Re: SUO: linguistic concepts
The dialog between Scott Farrar and David Whitten is a brief, but
excellent survey of an enormous number of issues that I and several
other people have been trying to get the SUO gang to take seriously.
I tried to make that point in Chapter 7 of my 1984 book, which
had the title "Epilog: Limits of Conceptualization".

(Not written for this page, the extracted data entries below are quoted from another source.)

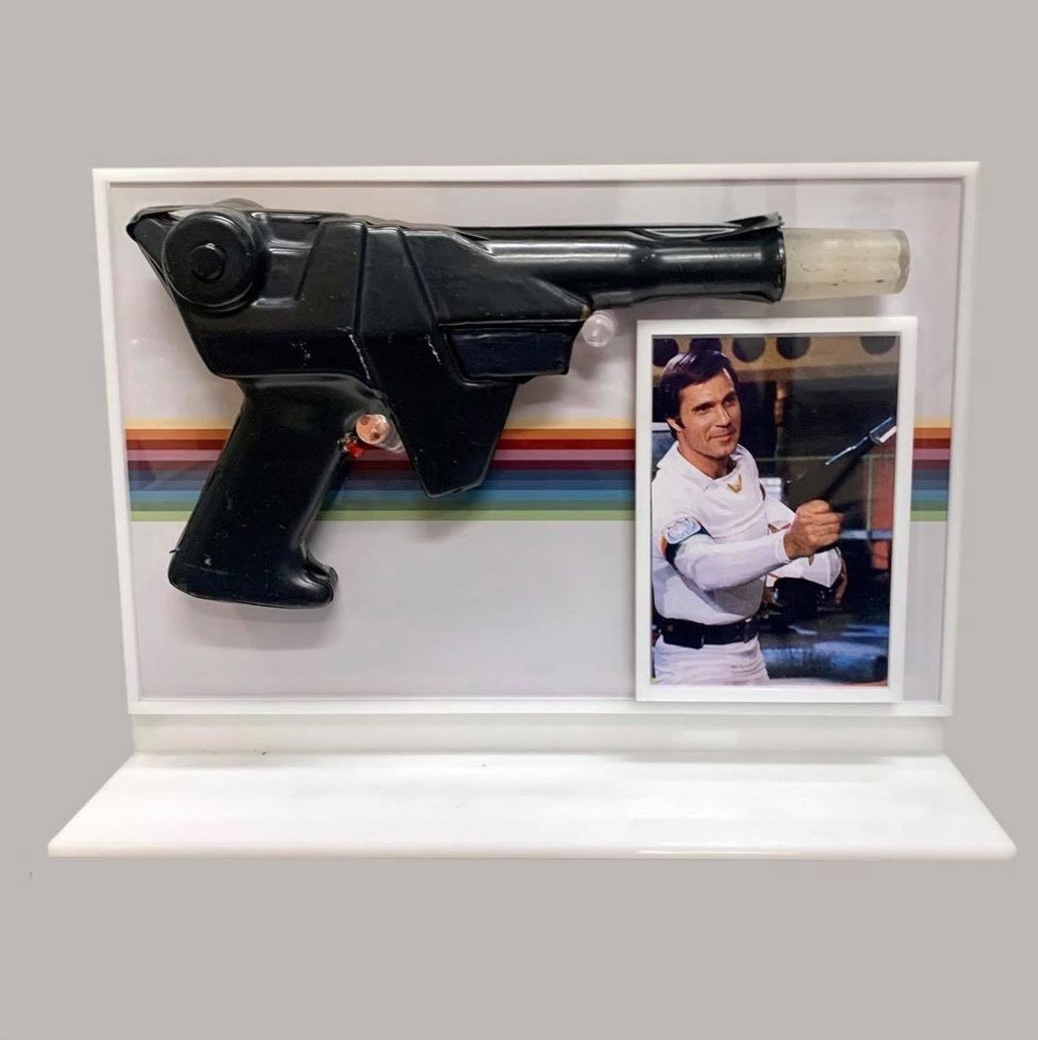Hero blaster used by Buck Rodgers, actor Gil Gerard in the science fiction television series Buck Rodgers in the 24th Century. A 20th century astronaut emerges out of 500 years of suspended animation into a future time to become Earth's greatest hero. This hero version is vacuformed with working electronics and a push button on the handle. This piece features a clear acrylic tip and shows slight wear from use in the production. This piece remains in excellent, production used condition.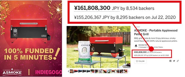 ASMOKE AS300はアメリカのクラウドファンディングサイトIndiegogoで開始5分でファンディング100%達成!!総額約1億6千万円、8,534人から支援を獲得!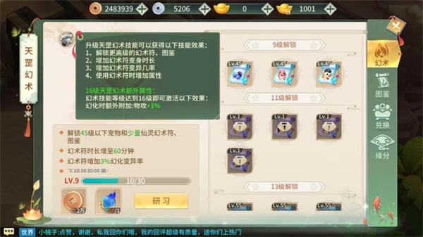 天罡幻术系统需人物等级达到45级解锁,研习幻术需要幻术精华和铜钱,不同等级阶段可以解锁不同的幻术符,等级越高的幻术符属性增加的越好,后面的幻术符还可以增加技能的强化,宠物属性技能强化等。升级幻术可解锁更高级的幻术符图鉴,增加变身时长,变异几率等,当玩家幻术等级达到16级后,幻化可额外获得物攻+1%属性。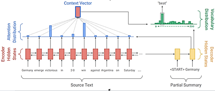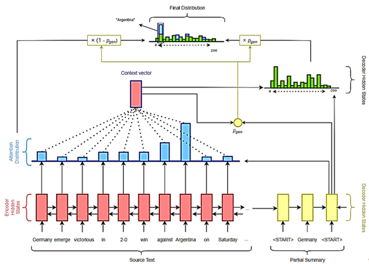 Рис. 9. Архитектура работы сети Pointer Generator Network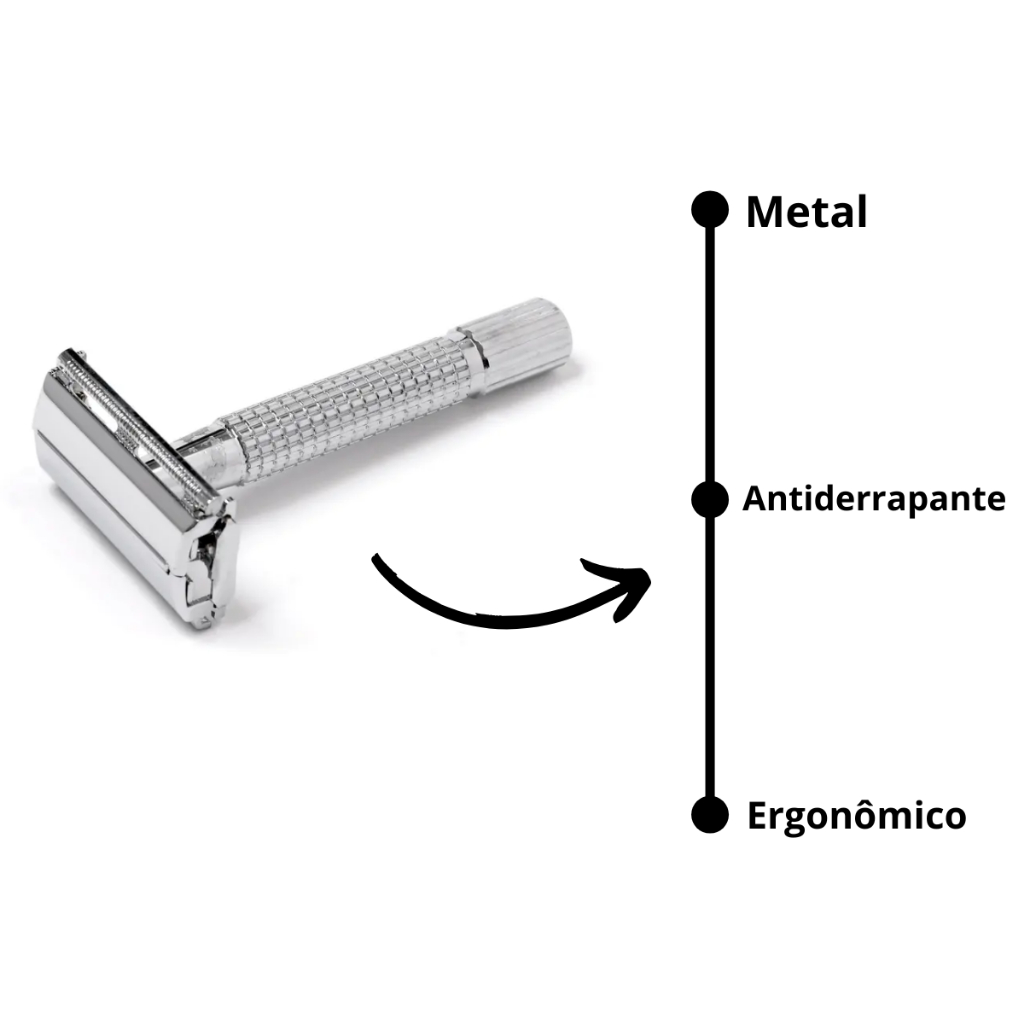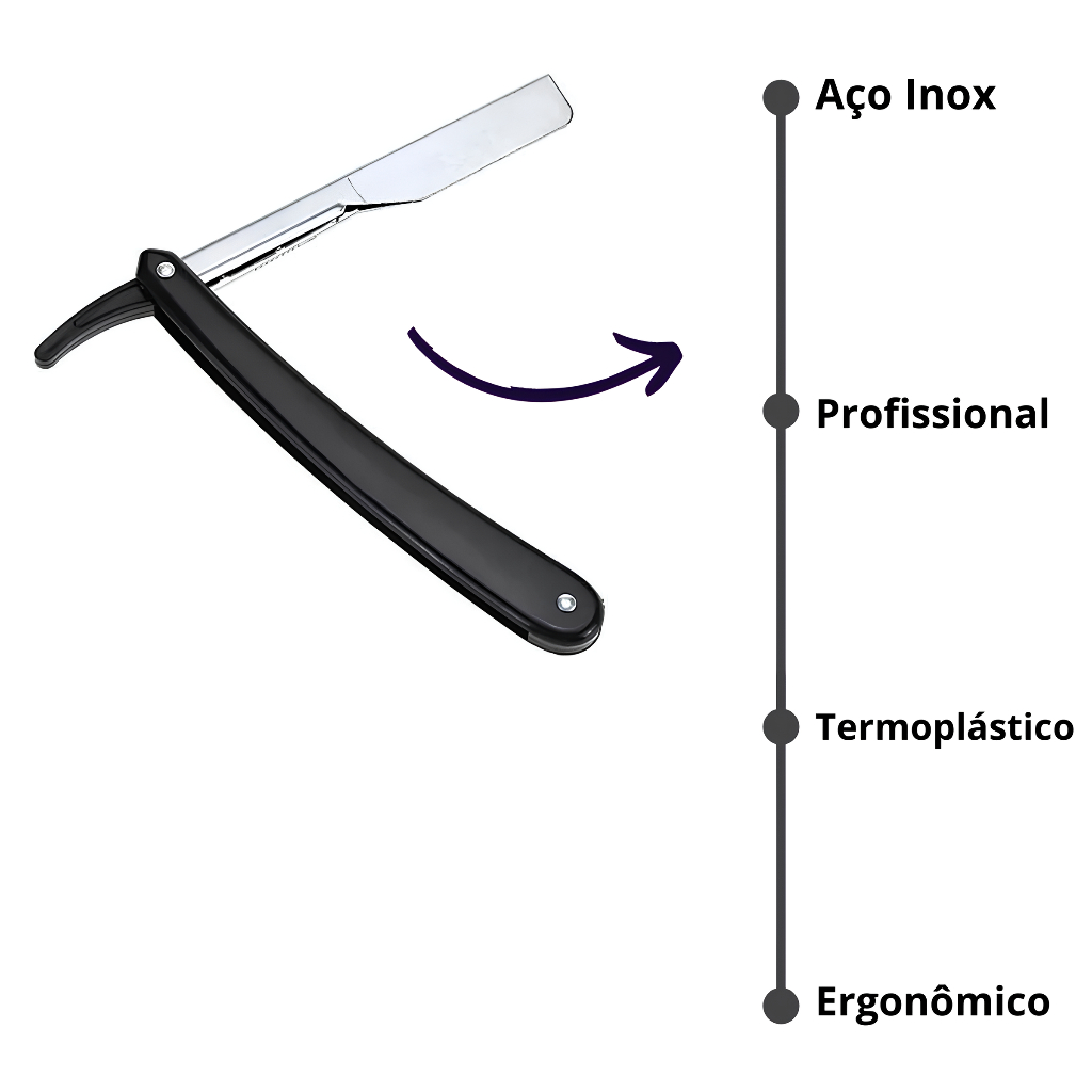 Kit Navalha Barbeiro Profissional + Aparelho de Barbear Retrô Clássico + 5 Lâminas Aço Inox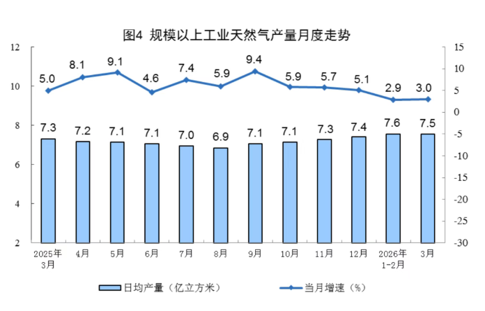 天然气生产增速加快。3月份,规上工业天然气产量234亿立方米,同比增长3.0%,增速比1—2月份加快0.1个百分点;日均产量7.5亿立方米。
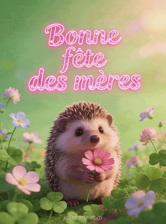 Partagez ce gif « Bonne fĂȘte des mĂšres » avec un adorable hĂ©risson tenant une fleur de cosmos pour une attention craquante. DĂ©couvrez aussi des mots doux pour maman, une photo fĂȘte des mĂšres, ou une carte joyeuse fĂȘte.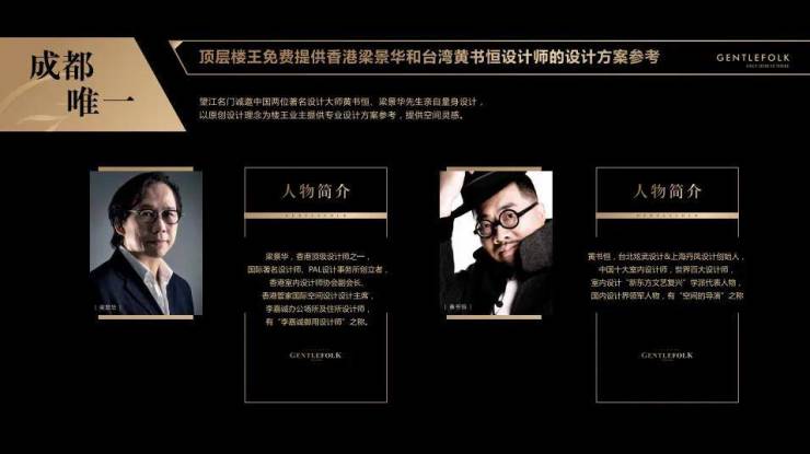 望江名门诚邀中国著名设计师黄书恒和梁景华先生亲自量身设计,以原创设计理念为楼王提供专业设计方案参考,提供空间灵感。

I reiterated that point under the title "Knowledge Soup", which I
used for a series of lectures dating from 1987. It is also the
title of Chapter 6 of my recent KR book.
As a introduction to some of the linguistic issues and their
relationship to knowledge representation, I suggest my essay
on "Concepts in the Lexicon", which contains material extracted
from several published papers:
http://www.jfsowa.com/ontology/lexicon.htm
For a longer essay on the philosophical issues involved, I recommend
my paper on "Signs, Processes, and Language Games", which has the
subtitle "Foundations for Ontology":
http://www.jfsowa.com/pubs/signproc.htm
This is a rather long article. If you want to read the recommendations
for how I believe an ontology should be organized, go straight to the
ending Section 7, which summarizes how multiple languages with multiple
conceptualizations can be related to multiple theories about the world:
http://www.jfsowa.com/pubs/signproc.htm
And finally, I will be giving a keynote speech at the Knowledge
Technologies 2002 Conference in Seattle on March 13th, with the title
"Negotiation Instead of Legislation". The theme of that talk (abstract
below) is that legislated ontologies, such as SUMO or Cyc, are obsolete.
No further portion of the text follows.